If so, it seems they forgot to tell the cast. Everyone is so bland and playing things so straight that the laughs are strangled to death, Navy SEAL-like, long before they have any chance to materialize. Almost-funny moments – like Diesel proclaiming “These kids are in for a rude awakening” before waking them up with a whistle, rudely – sit awkwardly next to maudlin moments, like when our hero bonds, through rooftop conversation, with the daughter over shared paternal loss. Like a tough-guy military man suddenly in charge of raising other people’s children, The Pacifier has no idea what it’s doing.
This doesn’t just apply to Diesel’s uncomfortable attempts at sentiment. In one of the film’s stranger plot points, the machismo-fueled idiot of a wrestling coach discovers a swastika patch in the son’s locker. Convinced that the effeminate, theater-loving child whose young manhood he routinely insults is, in fact, a genocidal fascist, rather than starring in The Sound of Music (which, admittedly, also doesn’t make any sense but is at least more in fitting with the character), Diesel is hauled into the principal’s office.
Appealing to everyone’s good graces and empathy, The Pacifier plaintively notes, “Look, he’s a troubled kid, but … he’s not a Nazi.” Diesel’s delivery suggests exasperation, as though this is a normal thing and one he often has had to emphasize over the years to school administrators. As Nazi jokes go, it’s pretty lackluster.

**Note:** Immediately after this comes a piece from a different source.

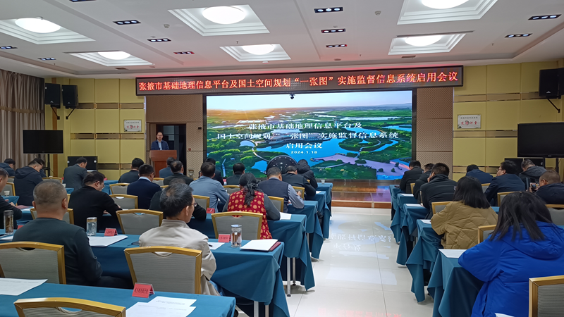 2024年1月18日,市自然资源局组织召开张掖市基础地理信息平台及国土空间规划“一张图”实施监督信息系统启用会议,并同步开展了系统应用培训。该系统为市自然资源局委托甘肃省基础地理信息中心建设的市县一体统建的信息系统,它的上线启用,将为全市三级三类国土空间规划编制、审批、实施、监测评估预警和实施监管全过程提供强有力的信息化支撑。市政府党组成员、副市长郝效冬同志应邀出席会议,市自然资源局各科室、事业单位负责同志,六县区自然资源局主要负责同志、分管负责同志和具体工作人员参加了启动会议。

Unfortunately, The Pacifier finds it funny. The Pacifier finds many things funny – poop in diapers, poop on faces, Neo-Nazi-based misunderstandings, the notion that Vin Diesel has boobs. But the film’s most curious fixation is on the family’s crotch-and-ear-biting pet duck, Gary.

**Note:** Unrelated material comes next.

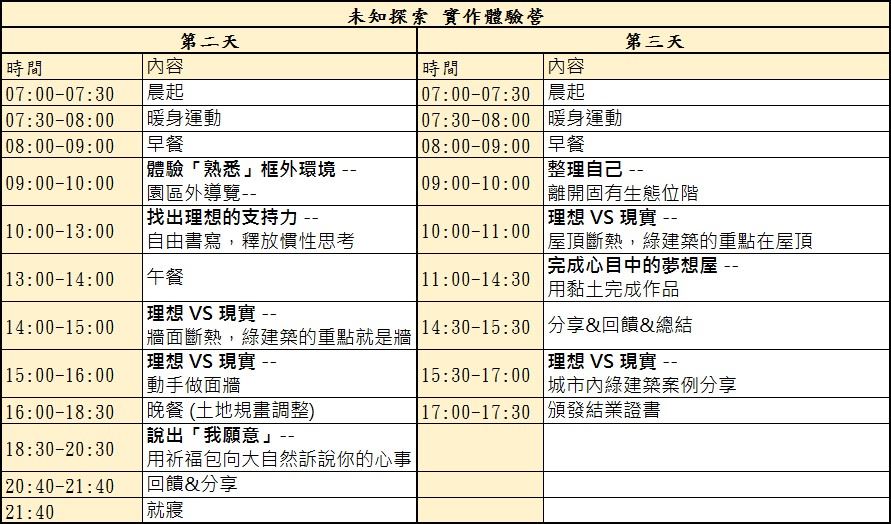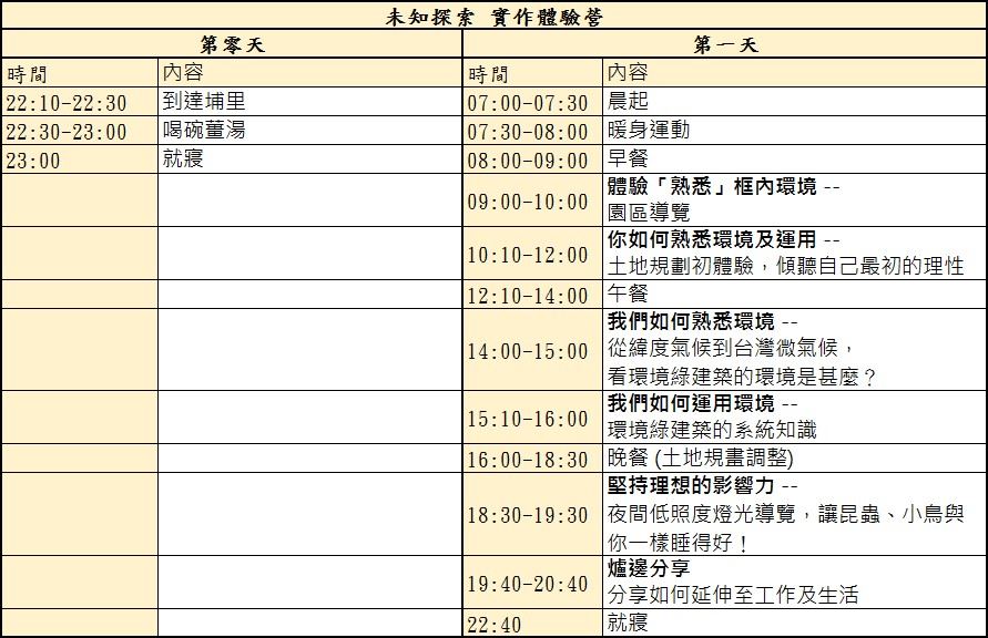 (第零天晚上22:10肯德基、全家集合,第三天下午5點30結束)

Why the family has this psychopathic pet duck is never really grappled with in any serious way, though Gary apparently found his way into the script when Jackie Chan was signed on to play Diesel’s role. (Chan, who viewers may remember i Asian, wanted to cook Gary and eat him, sufficiently horrifying the kids to the point that Gary became part of the family. This is what is known as “stupid”, and also “racist”.)

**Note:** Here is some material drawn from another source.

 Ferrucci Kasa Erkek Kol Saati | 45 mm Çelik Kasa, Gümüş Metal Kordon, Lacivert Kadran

Gary is never funny, but he did offer Diesel the opportunity to drop this bizarre stream-of-consciousness reflection on a hapless interviewer:
How tough was working with the duck?
The duck was everything you could imagine. The duck was supposedly a very gentle duck. I mean, when they described how the bite would feel, they basically did this to my finger [rubs finger]. It’ll never be more than that. Are you sure that’s not going to draw blood and I’m going to get infected by some kind of lake disease? No, because there’s no lake.
I’m sure Diesel is a very nice man, but as this reveals, he’s also clearly insane. The duck was “everything you could imagine”? What does this mean? Why would I imagine anything about Gary the Duck, much less everything? Why is Diesel recreating this conversation about “lake disease” in real-time for some trade writer who just wanted a funny duck story?
Honestly, The Pacifier would’ve benefited from more of this sort of madness, which is more interesting than anything on screen. Instead, we have a film that alternates between tepid and bizarrely violent, wacky and sappy, overloaded and underplayed.
Diesel has shown the ability to be pretty charming, and The State writers have had many funny moments, but The Pacifier provides no evidence for either claim.
Unless you think poop is funny, in which case, you’ve found your new favorite movie.